2. We found a place where Bram can kick and chase after his ball.
3. It's new sheet night. (Carr speak for freshly laundered sheets)

Wednesday 10 September 2008

Memory Verse 2008, part 2

Always be full of joy in the Lord. I say it again: Rejoice! Let everyone see that you are considerate in all that you do. Remember the Lord is coming soon. Don't worry about anything instead pray about everything. Tell God what you need and thank Him for all He's done. Then you will experience God's peace which exceeds anything we can understand.

Philippians 4: 4 - 6

We have been making a habit of reciting/memorizing this verse together as a family during dinner together. Little did I realize how perfect God's choice of a family verse would be when I decided we would learn this one together.

All throughout the day little snippets of the verse will come to mind. And I can see Bram and all his hand movements in my mind too....

Saturday 6 September 2008

...the fire...


It's true. We had a fire in our apartment. It was completely my fault. I don't know how to BBQ. 5 years of officership and several attempts that always end disastrously should have been on the fore front of my mind. ( I burnt my eyebrows & eyelashes once...) But nonetheless, this will go down in the Carr Chronicles as the worst disaster with a BBQ, and on the top 10 list of Mom's all time bloopers...
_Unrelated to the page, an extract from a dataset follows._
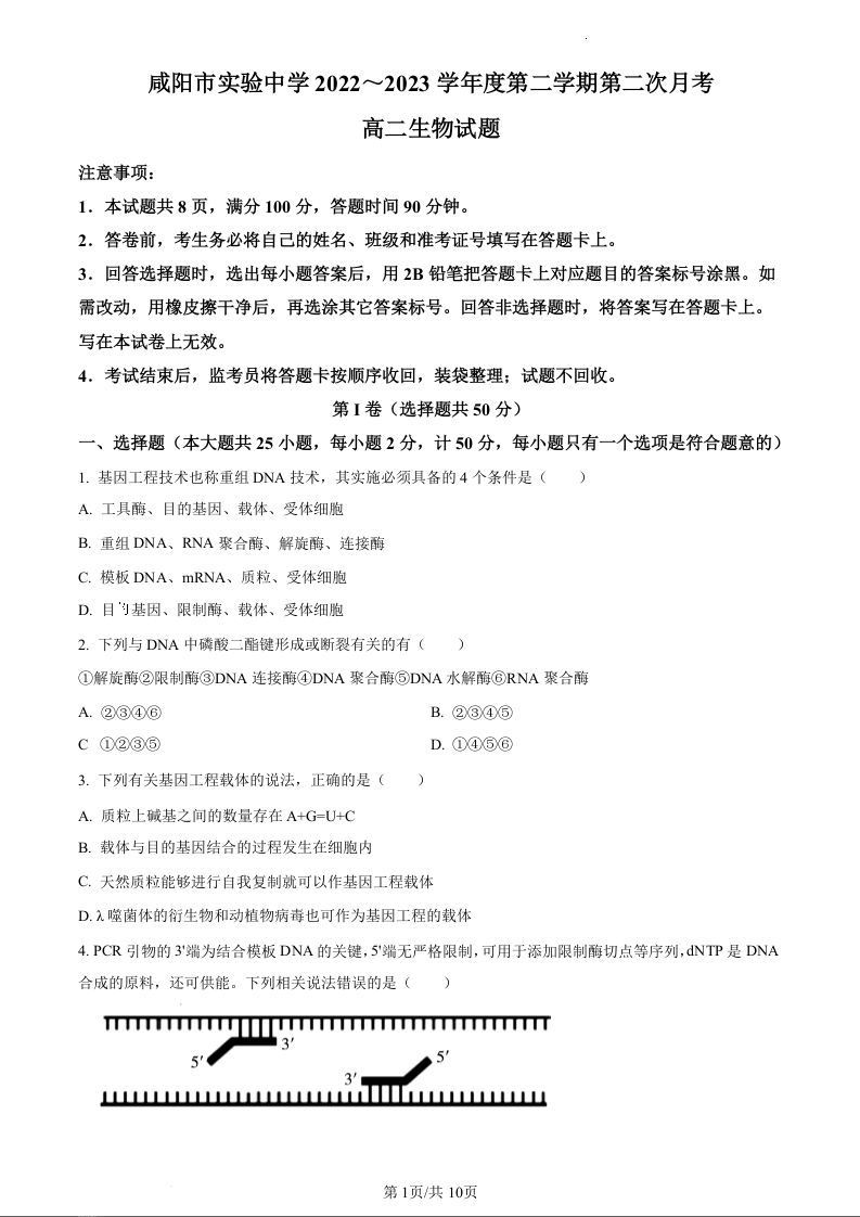 陕西省咸阳市实验中学2022-2023学年高二下学期第二次月考生物(原卷版)

It has been a rough week in the Carr household. Last Saturday, we nearly burned the apartment down. (In truth, we lost very little and can count out the miraculous ways God saved our familiy from a much larger disaster! And now we know our neighbors. :) ) Sunday, it was such an emotional day (mostly because of the fire, mixed with a little transition stress coming to the surface) that we barely made it through the 2 services at church. (At the end of the English service, the congregation gathered around us to pray over us.) Tuesday, the insurance company came to inspect the damage only to inform us later that they don't believe personal property is covered under insurance here, only official properties. Thursday, we went to Camp Saron to enjoy their lovely pool and I fell and now my tail bone is excruciatingly painful......aaaaaahhhhh! When you hit bottom, you begin to realize that there is no where to go but up....please, Lord, let this be the bottom.

I picked up my "Mission Prep" binder and was flipping through the discussion notes from "culture shock". And realized we fit those perameters. We're normal, well, at least according to the manual... It's always a bit of a relief to be reminded that what you are experiencing is normal in the grand scheme of things. (Thanks, Karen, for parenting normalcy reminders)

It a time of stress, I have decided to reinstitute a Carr household event. At the very end of the evening, just before we're going to turn the lights off and call it a day, Jeff and I will list three good things that happened during the course of the day. Now, sometimes ice cream and chocolate are the first two, but it gives us a chance to make ourselves realize that the entire day was not a "bad" day, regardless of what may have happened.

My 3 for today:
1. We got to talk to family via Skype!
2. The instant paella (sacreligious, I know) was actually pretty good.
3. We took a walk along to shore as a family.

For those who may actually read this post, I ask for prayer for Jeff as he returns to the States next week to finish up the boys' visa paperwork. I have a lot of fear and anxiety about his trip and my being alone (mostly irrational ones, but still there nonetheless). Your prayers are greatly appreciated on our behalf.